US government hack puts sensitive data at risk of secondary phishing attacks

Data theft puts military, economic, and foreign political strategy data at risk

The theft of personal details of millions of US government employees last week has not just put personal; data at risk, but also a wide variety of other highly sensitve data - from economic information to political strategy data - according to security experts.

The nature of the attack of Office of Personnel Management's (OPM) systems - which many are attributing to a nation state at this stage - means that a financial motive is unlikely. However stolen personal details could offer the cyber thieves the opportuntity to delve further into systems using spearphishing techniques.

"Theft of personal and demographic data allows one of the most effective secondary attacks to be mounted: direct spear-phishing," said, Mark Bower, global director of HP Security Voltage. This offers access to deeper system access via credentials or malware "thus accessing more sensitive data repositories as a consequence".

"Beyond spear-phishing, knowing detailed personal information past and present creates possible cross-agency attacks given job history data appears to be in the mix," he said.

"Thus, it is likely this attack is less about money, but more about gaining deeper access to other systems and agencies which might even be defence or military data, future economic strategy data, foreign political strategy, and sensitive assets of interest at a nation-state level for insight, influence and intellectual property theft."

The breach, discovered by the US government's intrusion detection systems, follows an unsuccessful attempt to infiltrate the OPM's systems last year.

It also comes days after it was revealed that criminals had stolen tax information from 104,000 Americans via the IRS' website.

Such incidents raise questions about the government's ability to protect sensitive data - an issue that is just as relevant on this side of the Atlantic as it is in the US.

'Organisational confidence takes a long-time to build but can - and is - eroded much more quickly," Gavin Reid, VP of threat intelligence at Lancope told ComputerworldUK.

"The US-GOV breaches put these trusted government organisations in the same light as all the recent private company breaches like Target and Home Depot.

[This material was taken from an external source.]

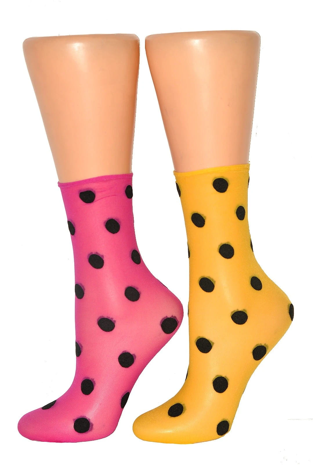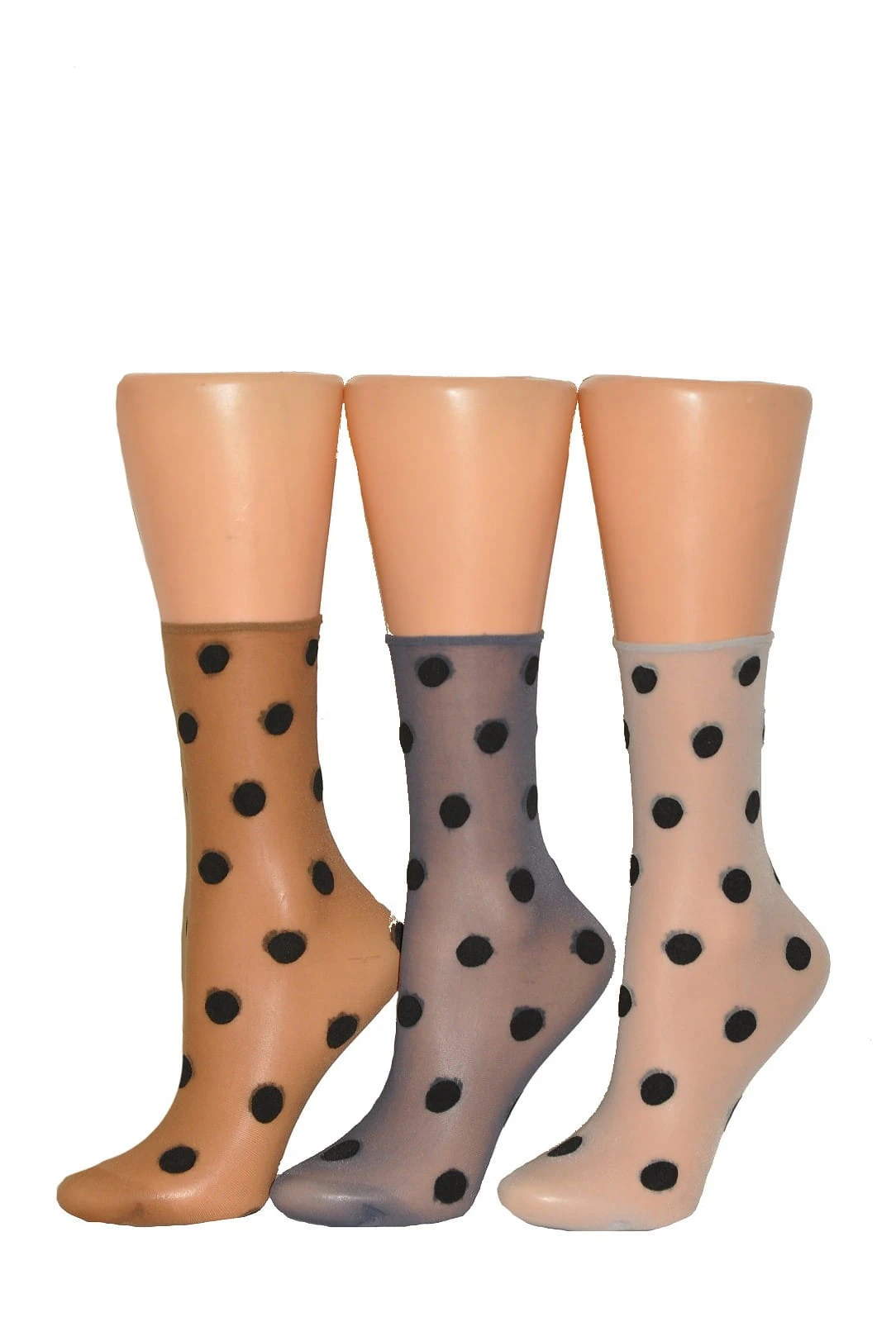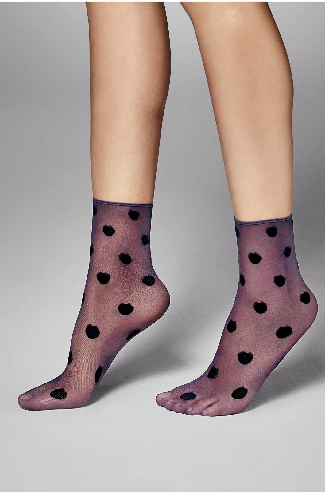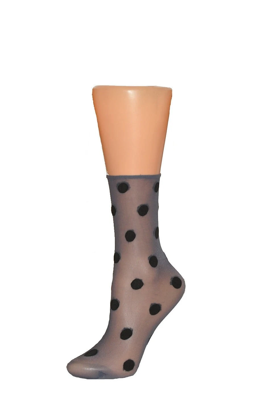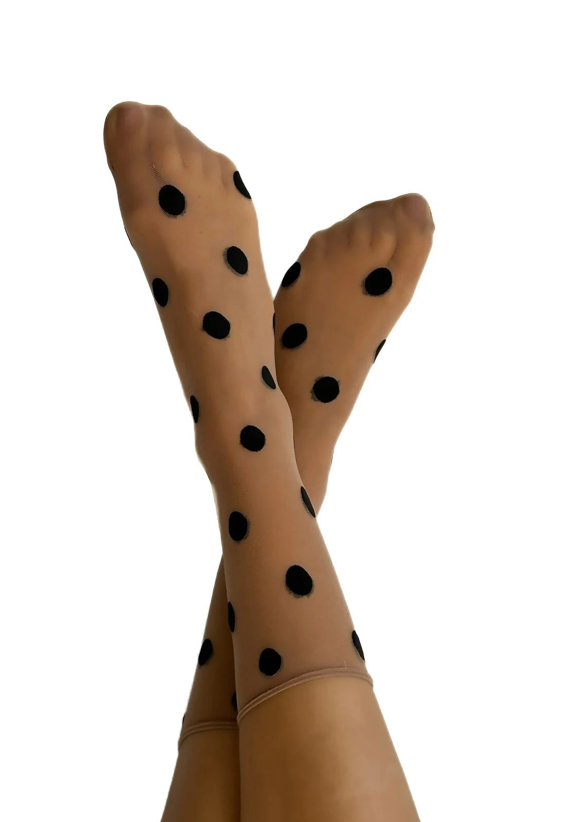 Cienkie, aksamitne w dotyku skarpetki damskie z nieuciskającym delikatnym ściągaczem. Ozdobione wzorem w duże grochy.

The big difference here is the government has much more sensitive data and the victims have no choice in sharing."

While large scale security incidents are becoming more frequent, it is likely the OPM breach will lead to organisationss in both the public and private sectors re-evaluating their security processes. This means modernising both tools and security methods.

"Attackers have learnt how to bypass basic security protections," Tom Court, Cyber Crime Researcher at Alert Logic told ComputereworldUK. "Firewalls and desktop anti-virus are no longer enough to protect against anything but the most cursory glance by an attacker. To maintain abreast of attackers organisations need to get technology, threat intelligence and importantly people working together.

"Organisations need to be continuously monitoring systems, logs and network traffic to spot abnormal behaviour and have skilled people who can analyse the event to spot successful breaches."

However, Gavin Millard, technical director of Tenable Network Security, commented that businesses and organisations seeking to reassess their security practices in the wake of the US government should not rush in with investment in new tools.

"When huge breaches are disclosed, the knee jerk reaction is often to buy more tools. But the threats faced can be addressed by many organisations just by operationalising the controls they currently have and continuously monitoring the effectiveness of them to ensure they are working optimally," he said.

"Breaches often occur not by some complex and esoteric method, but more through the lack of foundational controls working well to identify weaknesses and addressing them quickly and effectively."

Protecting against cyber attackers if not just the responsibility of security teams, with security experts highlighting the need for a fundamental rethink of security strategies in order to prevent further breaches. This means vastly improving awareness of the threats to staff.

"Security professionals, IT specialists and corporate users need to learn a new language for cyber resilience," said at Axelos.

"Traditional approaches to raising cyber awareness and thus changing behaviours has been 'one size fits all', dominated by messages that simply say 'don't do this or that' or are full of technical jargon. It should hardly come as a surprise that users don't engage.

"Cyber resilience relies on staff understanding not just the basic principles of security, but why those principles are important to their role, and why they play a key role in preventing incidents and attacks."